2. Blinding. Trials will be scored as: Grade A: Participant and care provider and outcome assessor blinded, Grade B: Outcome assessor blinded, Grade C: Unclear, Grade D: No blinding of outcome assessor (Grade A, B = high quality).
3. Reporting of participants by allocated group. Trials will be scored as: Grade A: The progress of all randomised children in each group described, Grade B: Unclear or no mention of withdrawals or dropouts, Grade C: The progress of all randomised children in each group clearly not described. (Grade A = high quality).
4. Follow‐up. Trials will be scored as: Grade A: Outcomes measured in >90% (where withdrawals due to complications and side‐effects are categorised as treatment failures), Grade B: Outcomes measured in 80‐90%, Grade C: Unclear, Grade D: Outcomes measured in <80%. (Grade A = high quality).
While only the allocation concealment quality assessment will be displayed in the meta‐analysis figures, all assessments will be included in the "Characteristics of included studies" table.
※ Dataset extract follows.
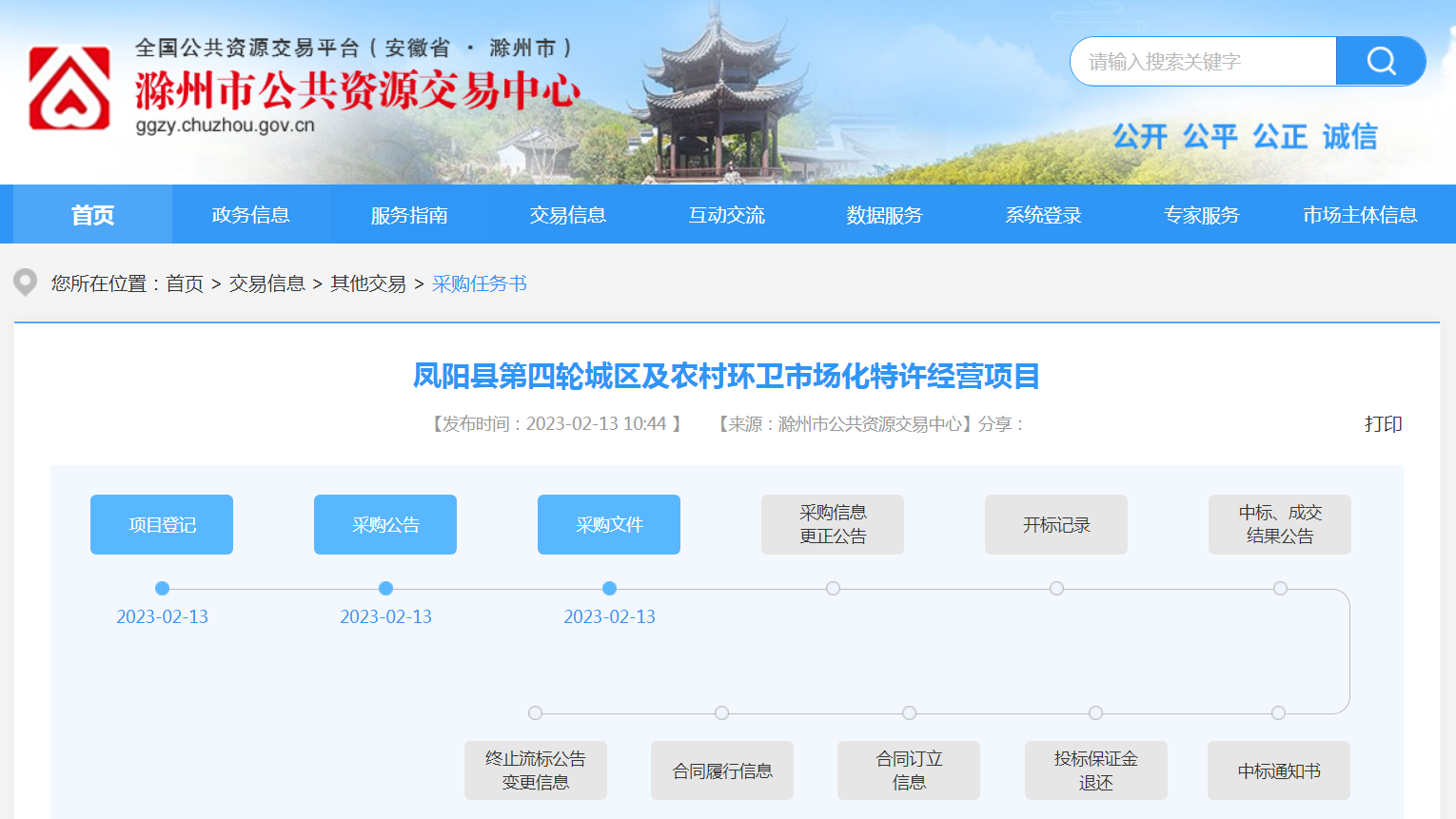 2月13日,据滁州市公共资源交易中心官网公示信息显示,安徽省滁州市凤阳县第四轮城区及农村环卫市场化特许经营项目公开招标,预算总额134183.5136万元,本项目采用不见面开标(远程解密)方式。合同履行期限为8年,实行3+3+2共3个服务期的方式,本项目不接受联合体投标,预计3月6日开标。

Inter‐reviewer reliability for the identification of high quality studies for each component will be measured by the Kappa statistic.
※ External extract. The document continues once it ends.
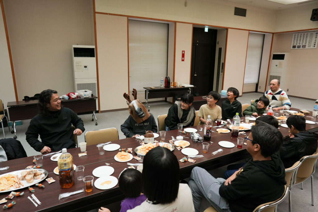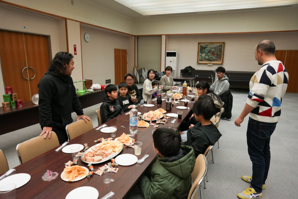 ノリコーチのサッカーについてのお話や、マッシのイタリア語クイズなどで楽しみながら食事をしました。最初は少し緊張気味だった子どもたちも、次第に柔らかい笑顔になっていきましたよ!サッカー以外での交流も素敵ですね。

Each study will also be assessed using a 1 to 5 scale described by Jadad et al (Jadad 1996) and summarised as follows:
Was the study described as randomised? (1=yes; 0=no)
Was the study described as double blind? (1=yes; 0=no)
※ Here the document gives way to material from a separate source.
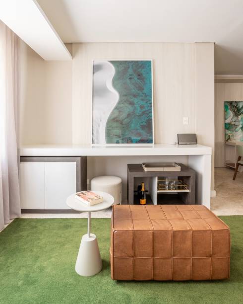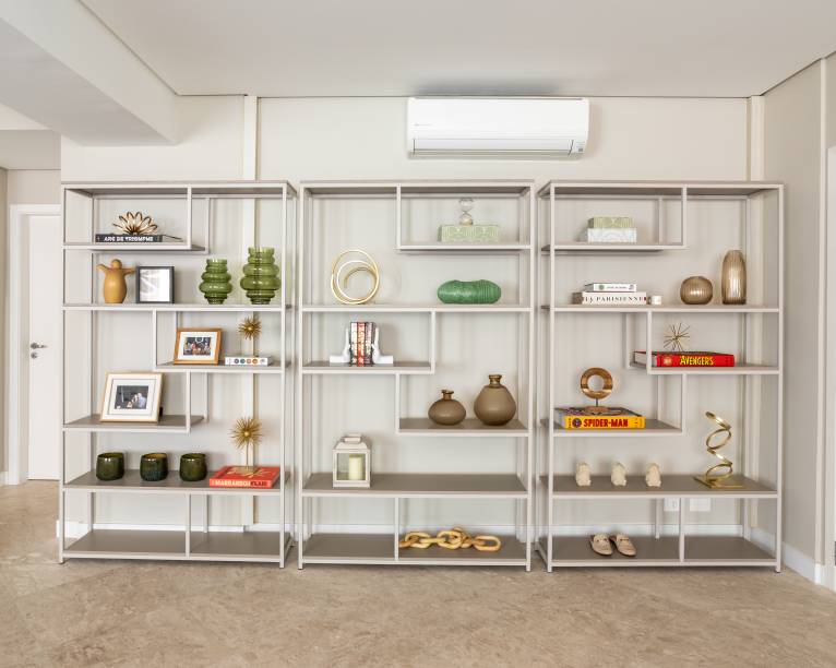 O local também conta com um armário com nichos, para acomodar os livros adquiridos em viagens e ao longo dos anos, conferindo um toque pessoal e acolhedor ao ambiente.

Was there a description of withdrawals and dropouts? (1=yes; 0=no)
Was the method of randomisation clearly described and appropriate? (1=yes; 0=no)
Was the method of double blinding well described and appropriate? (1=yes; 0=no)
STATISTICS
For the dichotomous outcome variables of each individual study, odds ratio (OR) will be calculated using a modified intention‐to‐treat analysis. This analysis assumes that children not available for outcome assessment have not improved (and probably represents a conservative estimate of effect). An initial qualitative comparison of all the individually analysed studies of all the individually analysed studies examine whether pooling of results (meta‐analysis) is reasonable. This will take into account differences in study populations, inclusion/exclusion criteria, interventions, outcome assessment, and estimated effect size.
The results from studies that meet the inclusion criteria and reports any of the outcomes of interest will be included in the subsequent meta‐analyses. The summary weighted risk ratio and 95% confidence interval (fixed effects model) will be calculated (Cochrane statistical package, RevMan version 4.2). For cross‐over studies, mean treatment differences will be calculated from raw data, extracted or imputed and entered as fixed effects generic inverse variance (GIV) outcome, to provide summary weighted differences and 95% confidence intervals. In cross‐over trials, only data from the first arm will be included in meta analysis if data is combined with parallel studies (Elbourne 2002). Numbers needed to treat (NNT) will be calculated from the pooled OR and its 95% CI applied to a specified baseline risk using an online calculator (Cates 2003b). If studies reported outcomes using different measurement scales, the standardised mean difference will be estimated. Any heterogeneity between the study results will be described and tested to see if it reached statistical significance using a chi‐squared test. The 95% confidence interval estimated using a random effects model will be included whenever there are concerns about statistical heterogeneity.
SUB‐GROUP ANALYSIS:
An a priori sub‐group analysis is planned for
1. children (aged 18 years or less) and adults (>18 years)
2. types of influenza vaccine
3. type of control group
4. participant type (bronchiectasis as primary disease vs bronchiectasis as co‐existent disease)
5. severity of bronchiectasis (based on lung function)
Sensitivity analyses are planned to assess the impact of the potentially important factors on the overall outcomes:
a) study quality;
b) study size;
c) variation in the inclusion criteria;
d) differences in the medications used in the intervention and comparison groups;
e) differences in outcome measures;
f) analysis using random effects model;
g) analysis by "treatment received"; and
h) analysis by "intention‐to‐treat".